**Supplied information**
/---

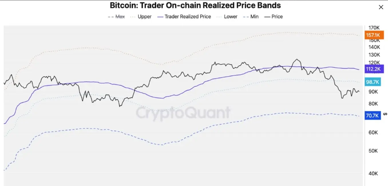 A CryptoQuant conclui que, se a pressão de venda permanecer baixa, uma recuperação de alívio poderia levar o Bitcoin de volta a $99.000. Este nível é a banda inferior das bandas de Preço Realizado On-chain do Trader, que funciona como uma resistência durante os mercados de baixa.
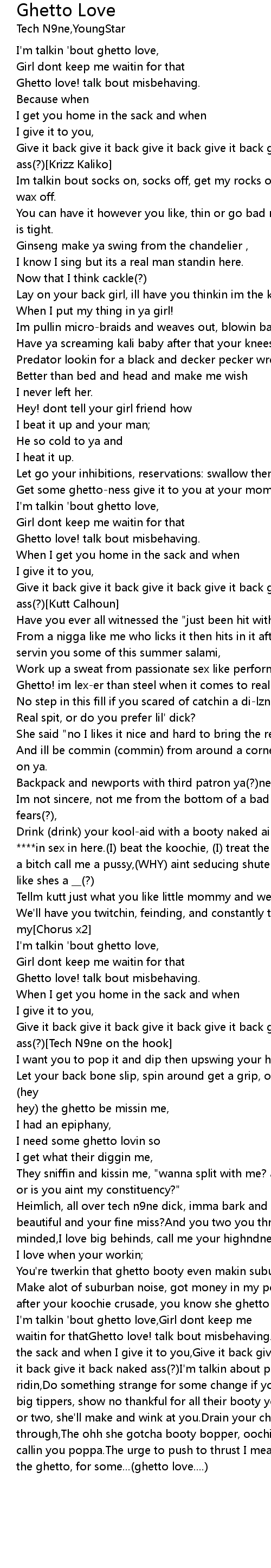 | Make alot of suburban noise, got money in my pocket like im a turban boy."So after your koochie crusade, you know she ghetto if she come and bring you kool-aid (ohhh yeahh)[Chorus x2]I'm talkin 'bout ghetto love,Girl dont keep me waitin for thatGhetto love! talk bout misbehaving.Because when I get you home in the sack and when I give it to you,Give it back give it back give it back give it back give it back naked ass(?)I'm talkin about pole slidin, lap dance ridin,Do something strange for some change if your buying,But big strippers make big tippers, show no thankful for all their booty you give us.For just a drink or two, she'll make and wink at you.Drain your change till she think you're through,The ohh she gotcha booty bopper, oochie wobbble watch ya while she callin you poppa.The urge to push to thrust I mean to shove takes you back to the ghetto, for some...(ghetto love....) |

\---
/---

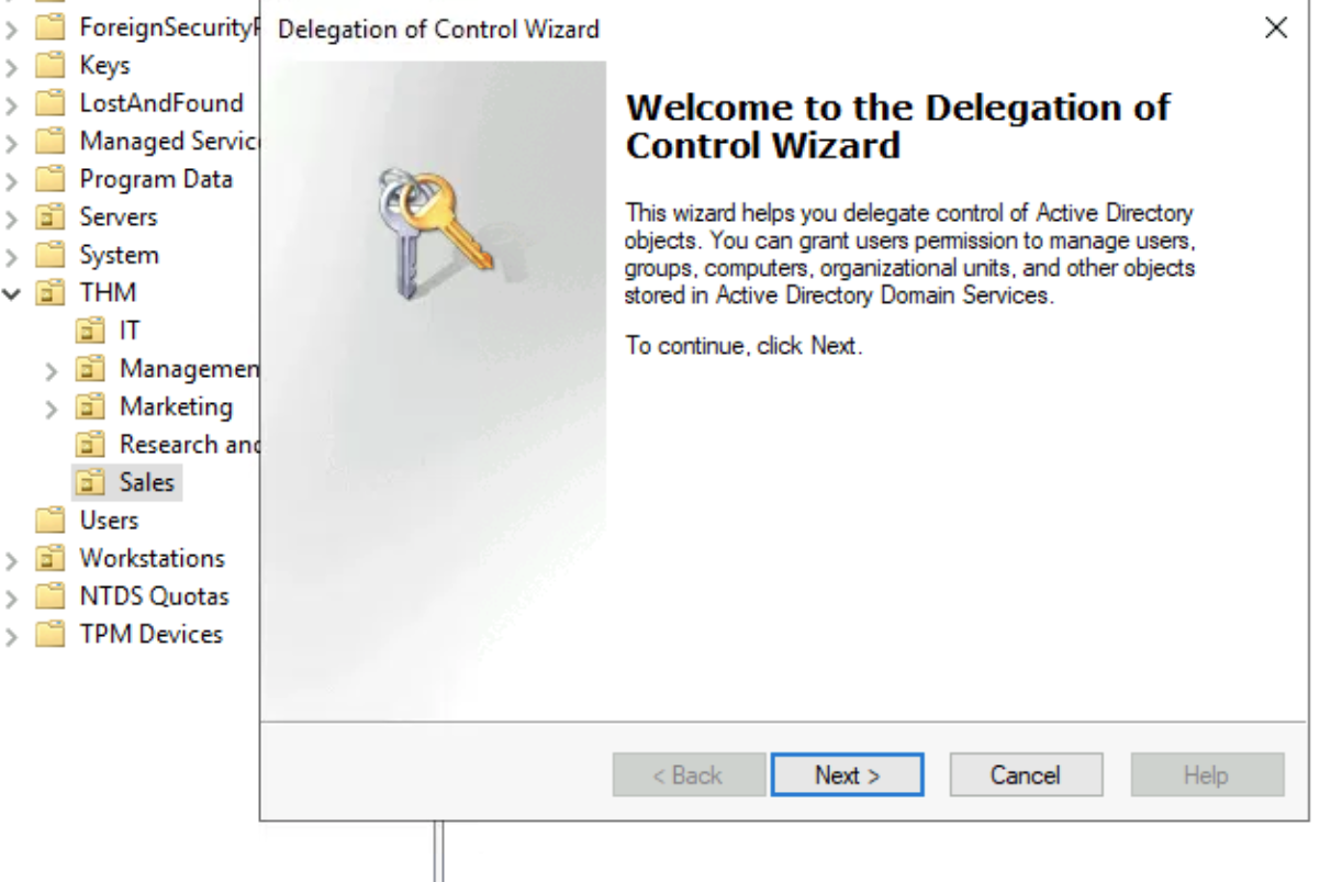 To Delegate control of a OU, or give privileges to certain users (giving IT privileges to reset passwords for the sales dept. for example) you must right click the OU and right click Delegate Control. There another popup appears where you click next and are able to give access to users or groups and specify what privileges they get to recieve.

\---
/---

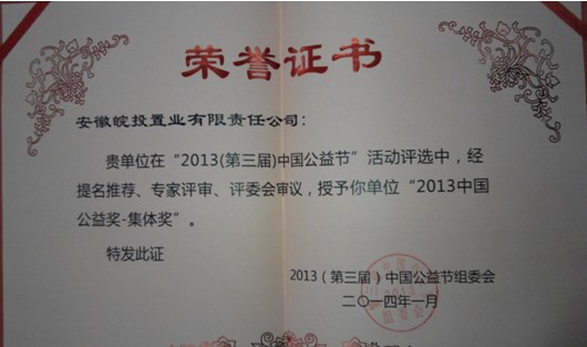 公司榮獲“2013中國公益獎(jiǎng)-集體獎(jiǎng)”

\---

**Instructions for the task**
An exact transcription is needed of the lines from the one with "A CryptoQuant conclui" to the one with "some...(ghetto love....) |" above, both ends included, with pictures left out.

**Exercise output**
 A CryptoQuant conclui que, se a pressão de venda permanecer baixa, uma recuperação de alívio poderia levar o Bitcoin de volta a $99.000. Este nível é a banda inferior das bandas de Preço Realizado On-chain do Trader, que funciona como uma resistência durante os mercados de baixa.
 | Make alot of suburban noise, got money in my pocket like im a turban boy."So after your koochie crusade, you know she ghetto if she come and bring you kool-aid (ohhh yeahh)[Chorus x2]I'm talkin 'bout ghetto love,Girl dont keep me waitin for thatGhetto love! talk bout misbehaving.Because when I get you home in the sack and when I give it to you,Give it back give it back give it back give it back give it back naked ass(?)I'm talkin about pole slidin, lap dance ridin,Do something strange for some change if your buying,But big strippers make big tippers, show no thankful for all their booty you give us.For just a drink or two, she'll make and wink at you.Drain your change till she think you're through,The ohh she gotcha booty bopper, oochie wobbble watch ya while she callin you poppa.The urge to push to thrust I mean to shove takes you back to the ghetto, for some...(ghetto love....) |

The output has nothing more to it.